=== Task details ===
All lines from the one containing "話型の掲示し,うまく話せてい" down to the one containing "à nerfs orné", both ends included, are to be given again exactly; omit the rest of the listing below.

=== Provided data ===
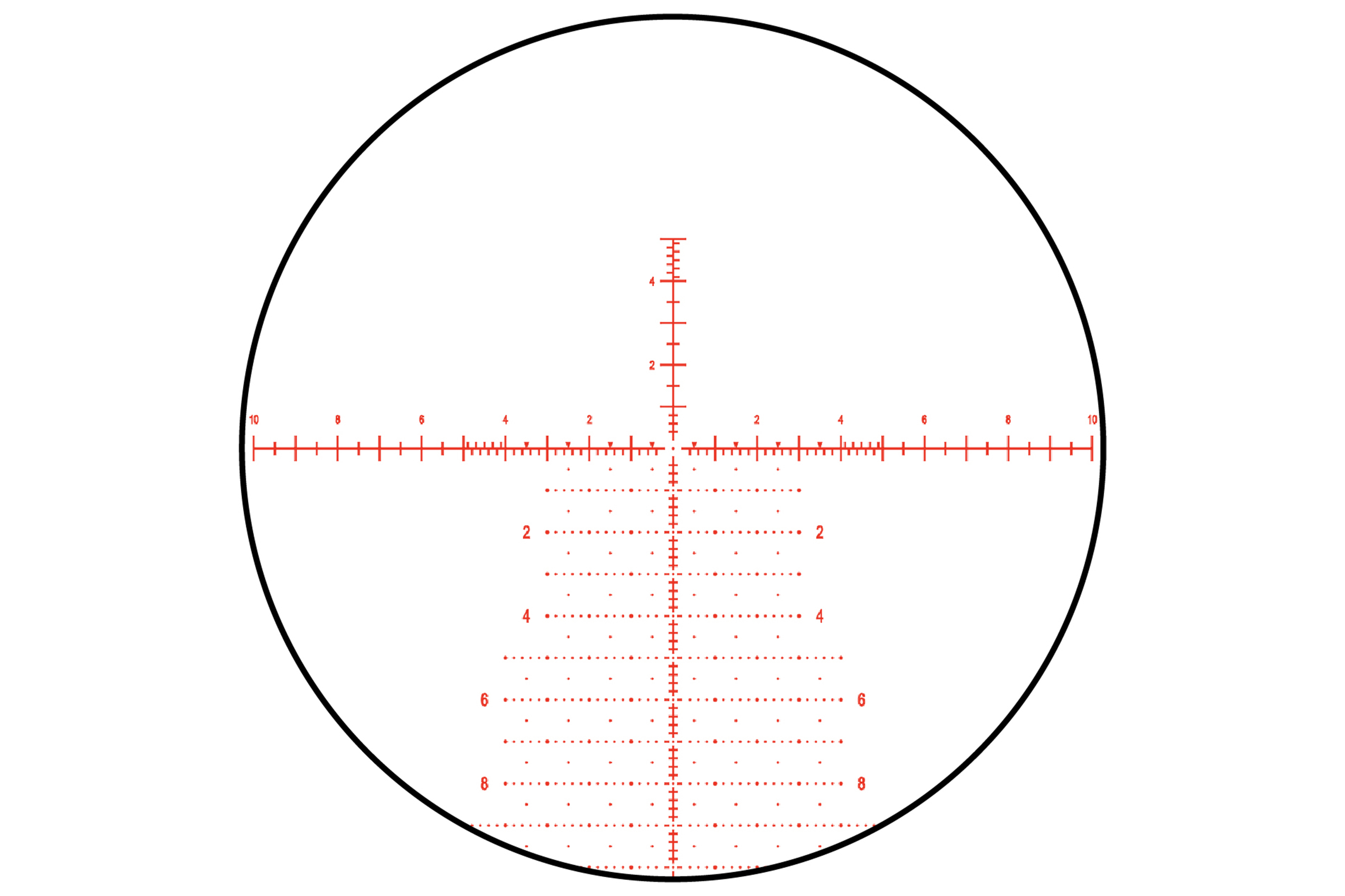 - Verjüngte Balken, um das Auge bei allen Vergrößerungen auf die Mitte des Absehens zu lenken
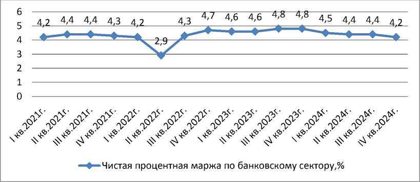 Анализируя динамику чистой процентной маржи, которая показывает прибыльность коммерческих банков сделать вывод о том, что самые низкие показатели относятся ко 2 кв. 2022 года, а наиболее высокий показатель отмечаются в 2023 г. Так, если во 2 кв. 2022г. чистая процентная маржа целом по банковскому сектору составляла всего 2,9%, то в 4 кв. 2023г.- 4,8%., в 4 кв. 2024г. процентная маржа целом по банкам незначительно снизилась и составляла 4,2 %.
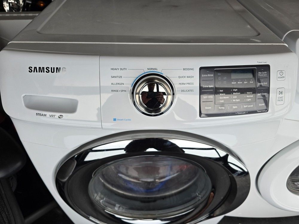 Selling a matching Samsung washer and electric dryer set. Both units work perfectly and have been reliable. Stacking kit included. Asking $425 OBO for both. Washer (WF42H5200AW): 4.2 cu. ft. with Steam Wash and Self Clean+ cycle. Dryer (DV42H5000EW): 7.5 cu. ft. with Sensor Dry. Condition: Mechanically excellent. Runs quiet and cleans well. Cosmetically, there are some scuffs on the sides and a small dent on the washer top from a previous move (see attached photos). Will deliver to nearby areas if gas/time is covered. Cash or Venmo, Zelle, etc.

---

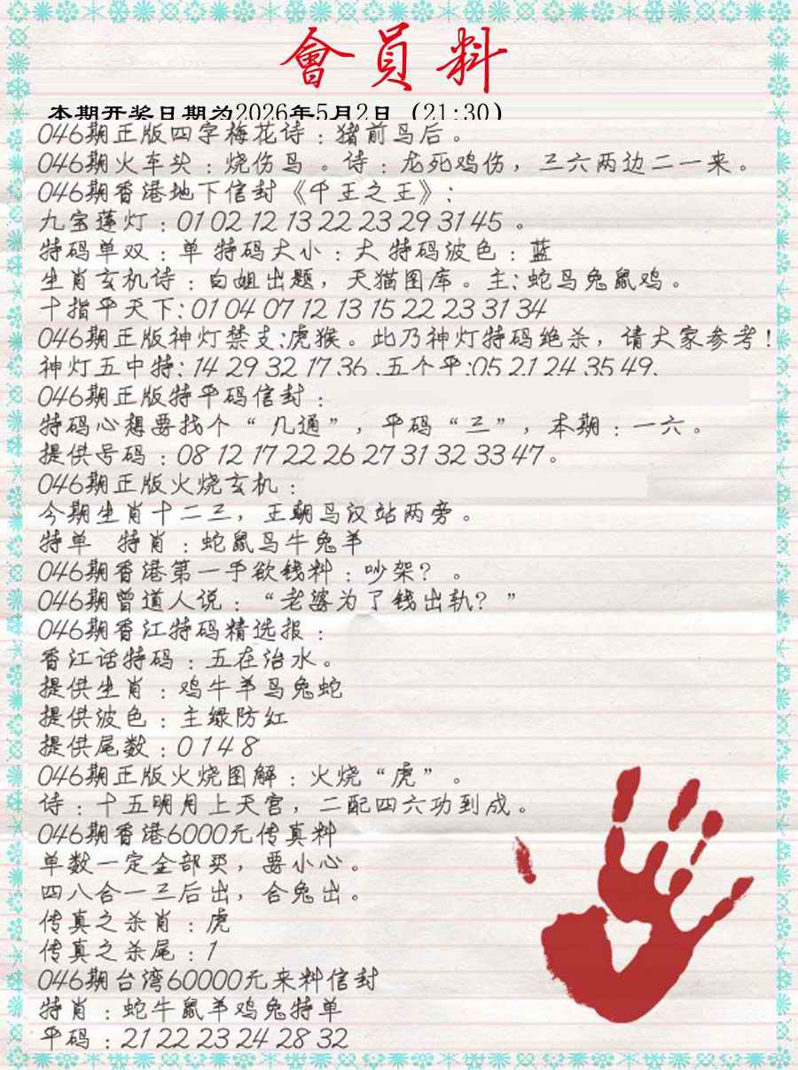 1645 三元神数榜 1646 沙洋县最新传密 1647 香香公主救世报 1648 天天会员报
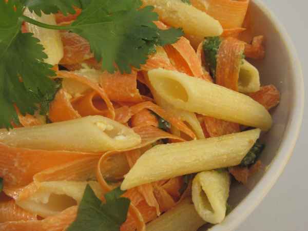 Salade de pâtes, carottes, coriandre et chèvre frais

--

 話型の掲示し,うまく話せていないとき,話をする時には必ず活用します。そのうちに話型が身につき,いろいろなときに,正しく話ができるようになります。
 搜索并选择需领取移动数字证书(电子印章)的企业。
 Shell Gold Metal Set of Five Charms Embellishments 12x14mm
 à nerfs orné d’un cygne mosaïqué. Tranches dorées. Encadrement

=== Solution ===
 話型の掲示し,うまく話せていないとき,話をする時には必ず活用します。そのうちに話型が身につき,いろいろなときに,正しく話ができるようになります。
 搜索并选择需领取移动数字证书(电子印章)的企业。
 Shell Gold Metal Set of Five Charms Embellishments 12x14mm
 à nerfs orné d’un cygne mosaïqué. Tranches dorées. Encadrement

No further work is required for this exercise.